2018-08-06_23:30:37.828905Z ISC_LOCK calculating path: ACQUIRE_PRMI->ACQUIRE_DRMI_1F
2018-08-06_23:30:37.836971Z ISC_LOCK new target: ALIGN_RECYCLING_MIRRORS
2018-08-06_23:30:37.905879Z ISC_LOCK JUMP target: ALIGN_RECYCLING_MIRRORS
2018-08-06_23:30:37.914834Z ISC_LOCK [ACQUIRE_PRMI.exit]
2018-08-06_23:30:37.941559Z ISC_LOCK JUMP: ACQUIRE_PRMI->ALIGN_RECYCLING_MIRRORS
2018-08-06_23:30:37.959656Z ISC_LOCK calculating path: ALIGN_RECYCLING_MIRRORS->ACQUIRE_DRMI_1F
2018-08-06_23:30:37.971022Z ISC_LOCK new target: ACQUIRE_DRMI_1F
2018-08-06_23:30:37.985272Z ISC_LOCK executing state: ALIGN_RECYCLING_MIRRORS (99)
2018-08-06_23:30:37.986421Z ISC_LOCK [ALIGN_RECYCLING_MIRRORS.enter]
So, this is normal (for ISC_LOCK at least, I haven't checked on other nodes yet). I don't know if we need it to be much faster, but it may be something that we have to keep in mind.

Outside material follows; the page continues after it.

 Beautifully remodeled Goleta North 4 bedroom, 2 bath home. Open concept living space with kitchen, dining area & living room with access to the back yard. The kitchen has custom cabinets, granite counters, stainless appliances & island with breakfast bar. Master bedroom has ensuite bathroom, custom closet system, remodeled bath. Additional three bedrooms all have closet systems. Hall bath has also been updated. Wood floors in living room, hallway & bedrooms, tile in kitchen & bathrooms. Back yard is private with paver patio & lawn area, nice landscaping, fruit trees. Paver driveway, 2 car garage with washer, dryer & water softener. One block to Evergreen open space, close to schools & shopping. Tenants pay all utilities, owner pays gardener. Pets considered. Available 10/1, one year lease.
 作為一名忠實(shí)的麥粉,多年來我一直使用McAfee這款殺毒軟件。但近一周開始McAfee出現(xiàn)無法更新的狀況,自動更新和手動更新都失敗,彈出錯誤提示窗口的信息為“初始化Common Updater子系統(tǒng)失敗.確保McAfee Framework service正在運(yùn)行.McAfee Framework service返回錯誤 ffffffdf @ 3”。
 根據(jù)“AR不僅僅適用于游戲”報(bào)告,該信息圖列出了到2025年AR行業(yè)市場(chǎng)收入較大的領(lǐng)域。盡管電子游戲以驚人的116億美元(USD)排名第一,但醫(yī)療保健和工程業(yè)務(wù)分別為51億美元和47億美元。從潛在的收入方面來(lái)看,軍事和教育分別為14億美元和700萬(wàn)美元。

I'm trying to understand the timing of the events inside of guardian (a 1/4 second is definitely a bit of a discrepency), but I'm curious why this timing issue is of such concern.
The EPICS time stamp as seen at the time of the event I believe is set by the system clock on h1guardian1. The time stamp recorded in the data for the transition might be set by the DAQD EDCU. We should confirm with Jonathan and Dave. The logs are time stamped when they are processed by the journald on h1guardian1.

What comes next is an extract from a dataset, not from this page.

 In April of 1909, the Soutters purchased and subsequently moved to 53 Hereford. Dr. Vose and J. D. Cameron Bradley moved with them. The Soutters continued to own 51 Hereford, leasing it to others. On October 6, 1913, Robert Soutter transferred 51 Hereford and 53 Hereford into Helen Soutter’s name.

While the setting of the STATE channels and the emission of the log that you're looking at happen adjacent to each other in the code, they're definitely not guaranteed to end up with the same timestamp, since there's various other variables at play. 1/4 second does seems pretty different, though, I agree, so I will try to investigate what's causing the relative timing slop.
But I'm puzzled why this is of such concern. Is it just about wanting to know which time is more authoritative? I would just use either as a guide to look at the real-time data as recorded via DAQD. If you're worried about when exactly a slow channel actuated by guardian changed, look at the record of the slow channel directly. But please do help me understand what the ultimate concern is so that I can know how to help.